For the large body of SMEs which do not have patents, or patents of strong market relevance, the situation can be illustrated as follows: Under the current regime when a foreign company sues a SME that is based in the UK, the case will be tried in the UK courts and in the English language. Under the UPC, the UK SME might stand as a defendant in a litigation that takes place abroad, in another language and in various judicial forums. The same applies to the majority of SMEs in other EU countries. More seriously, the legal principles against which the case will be examined will no longer be influenced by the adjusting ability of national courts.

In short, the issue of surrendering an important element of national sovereignty that concerns vital economic policies and property rights requires a comprehensive economic study about the effect that the UPC will have on local business and economy. Irrespective of whether or not the UPC is challenged in national courts (e.g. the state’s sovereign ability to determine property rights; the right to fair trial regarding the language issue in patent litigation, etc), or there is a constitutional obligation for a referendum (e.g. Ireland, Denmark), non-expert politicians and lay people cannot rely solely on an outdated study which was of limited scope that the EU Commission has presented to the states nor can they rely solely on the advice of the patent profession which benefits most from the considerable expansion of its business activities. Since the very important issue of national sovereignty in the context of patents is at stake, comprehensive and thorough national economic studies must be prepared in order for the decision-makers to make an informed choice, and the people, who will ultimately come to evaluate this choice, to be able to understand the various parameters involved.

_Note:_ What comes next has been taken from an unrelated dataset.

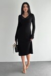 Kadın Dantel Detaylı V Yaka Elbise – Uzun Kollu Şık Günlük Elbise
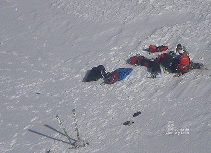 Allí, los equipos de rescate confirman que los escaladores accidentados son dos, dos varones de quienes se desconoce su identidad, y que se encuentran fallecidos. El helicóptero de Protección Civil colabora con los agentes de la Guardia Civil que instruyen las diligencias sobre el accidente, realizando un vuelo de inspección con los agentes a bordo. Además, el equipo de rescate, sobre el terreno, presta también apoyo a los agentes de la Guardia Civil para la evacuación de los cadáveres de ambos fallecidos.

* Lecturer in Public Law and Intellectual Property Law, School of Law and Social Sciences, University of East London, (email: d.xenos@uel.ac.uk). I would like to thank the anonymous referees for their useful suggestions.

[1] Council of the EU, Agreement on a Unified Patent Court, 11 January 2013, Doc. no. 16351/12, Article 9.5. The Court of First Instance will have a central division in Paris with sections in London and Munich as well as local and regional divisions, Article 7, available at http://register.consilium.europa.eu/pdf/en/12/st16/st16351.en12.pdf.

[2] Ibid, Articles 49(5), (6). Patents will be granted in one of the official languages of the European Patent Convention (EPC), English, French and German.

[3] Ibid, Articles 49-50.

[4] Ibid, Article 38.

[5] Regulation No 1257/2012 of the European Parliament and of the Council of 17 December 2012 implementing enhanced cooperation in the area of the creation of unitary patent protection, OJEU L 361/1, available at http://eur-lex.europa.eu/LexUriServ/LexUriServ.do?uri=OJ:L:2012:361:0001:0008:EN:PDF.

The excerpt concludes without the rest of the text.